RZ LMi is one of the most enigmatic SU UMa-type DNe. This object was originally discovered as an ultraviolet-excess variable star [Lipovetskii & Stepanyan 1981; it was later given a designation of FBS 0948+344 (Abrahamian & Mickaelian 1993)]. Lipovetskii and Stepanyan (1981) reported that the object had a spectral energy distribution of spectral classes O–B at maximum. When the object was fading or rising, strong emission lines appeared. Lipovetskii and Stepanyan (1981) studied 16 objective prism plates and seven direct imaging plates and recorded a strong variation with a range of 14–17 mag. The object was recorded at 17 mag on the Palomar Obervatory Sky Survey (POSS). Based on the colors and rapid variation in a time-scale of a few days, Lipovetskii and Stepanyan (1981) suggested a dwarf nova-type classification. Green et al. (1982) also selected it as an ultraviolet-excess object (PG 0948+344) and confirmed it spectroscopically as a CV. They gave a variability range of B = 14.4–16.8 without details (the minimum likely referred to the magnitude in POSS). Despite the finding by Lipovetskii and Stepanyan (1981), Kholopov et al. (1985) designated RZ LMi as a nova-like (NL) variable by referring to Green et al. (1982). Kondo, Noguchi, and Maehara (1984) also selected RZ LMi as an ultraviolet-excess object.

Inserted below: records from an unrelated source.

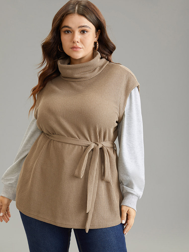 2-In-1 Turtleneck Texture Patchwork Belted Sweatshirt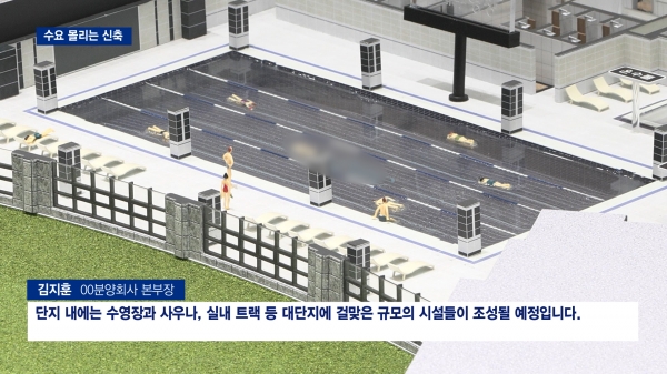 "주변이 대부분 구축 또는 준신축 단지들이다 보니, 커뮤니티 시설에서 확실한 차별화를 기대할 수 있습니다. 단지 내에는 수영장과 사우나, 실내 트랙 등 대단지에 걸맞은 규모의 시설들이 조성될 예정입니다."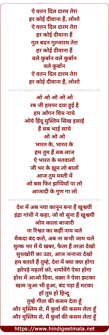 Lyrics of Ae Watan Dil Daram Tera - ऐ वतन दिल दारम तेरा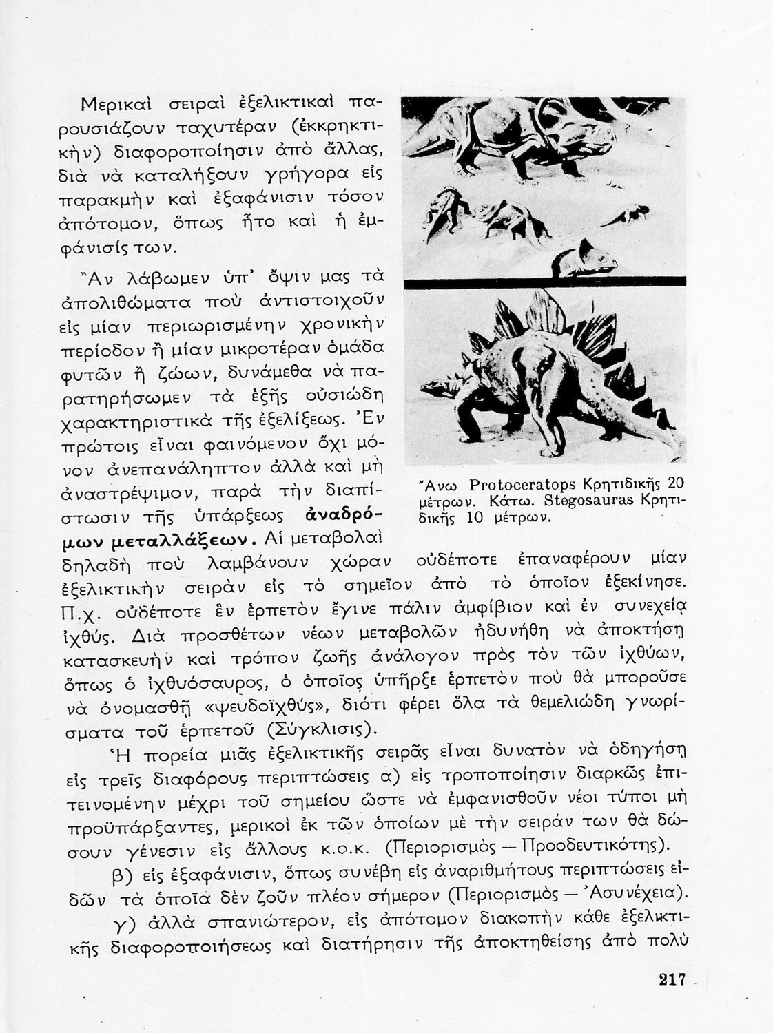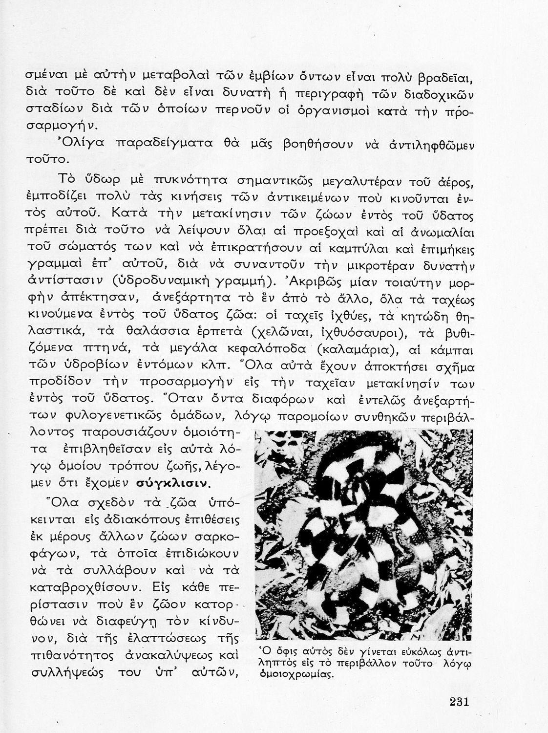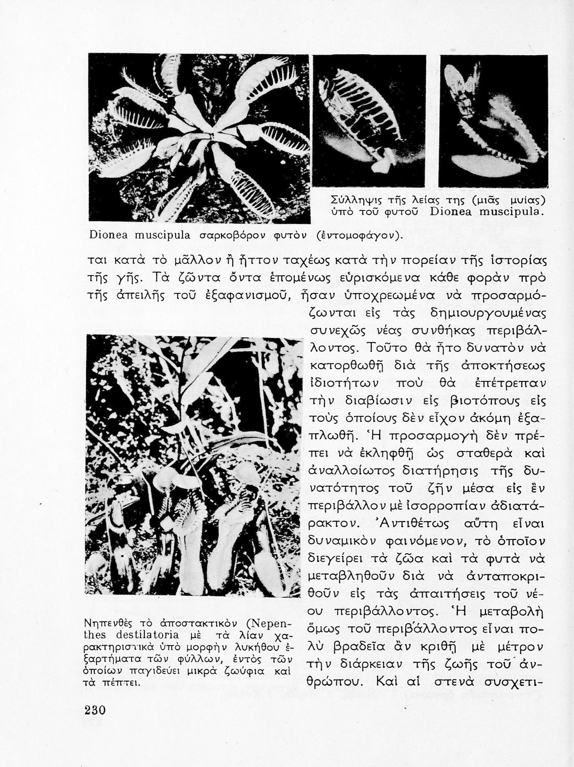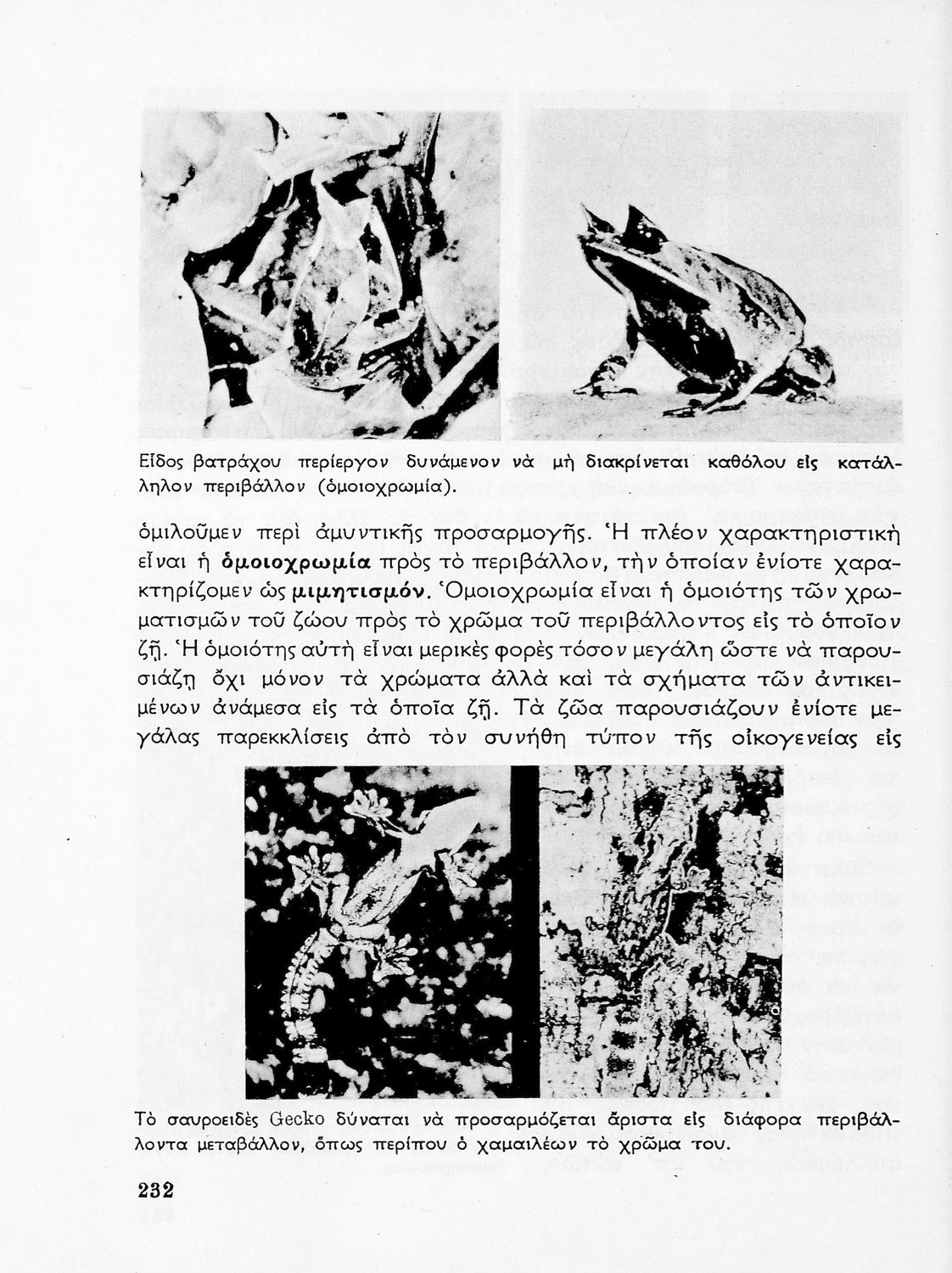 Σχολικό εγχειρίδιο Βιολογίας ΣΤ΄ Γυμνασίου που εστιάζει στις συνθήκες γέννησης, μεταβολής και θανάτου των έμβιων οργανισμών. Φέρει το σύμβολο της δικτατορίας. Ο συγγραφέας ήταν υφηγητής του Πανεπιστημίου Αθηνών.

The nature of the variability of this object remained unclear. Knowing the dwarf nova-type classification, one of the authors of this paper (TK) visually observed this object in 1987–1988 and found relatively stable ∼20 d cycle lengths with additional short outbursts. This result was reported in the domestic variable star bulletin “Henkousei” (in Japanese). This report was probably the first to document the unusual cyclic variation of RZ LMi. Two teams observed this object photometrically: Robertson, Honeycutt, and Turner (1994) reported an unusual long-term repetitive light curve with a stable period (it is now known as the supercycle) of 19.2 d. Pikalova and Shugarov (1995) reported that the behavior was different from a typical dwarf nova in that it showed short fading and brightening. They also reported a possible period of 21.167 d or 23.313 d, and classified it as a VY Scl-type NL.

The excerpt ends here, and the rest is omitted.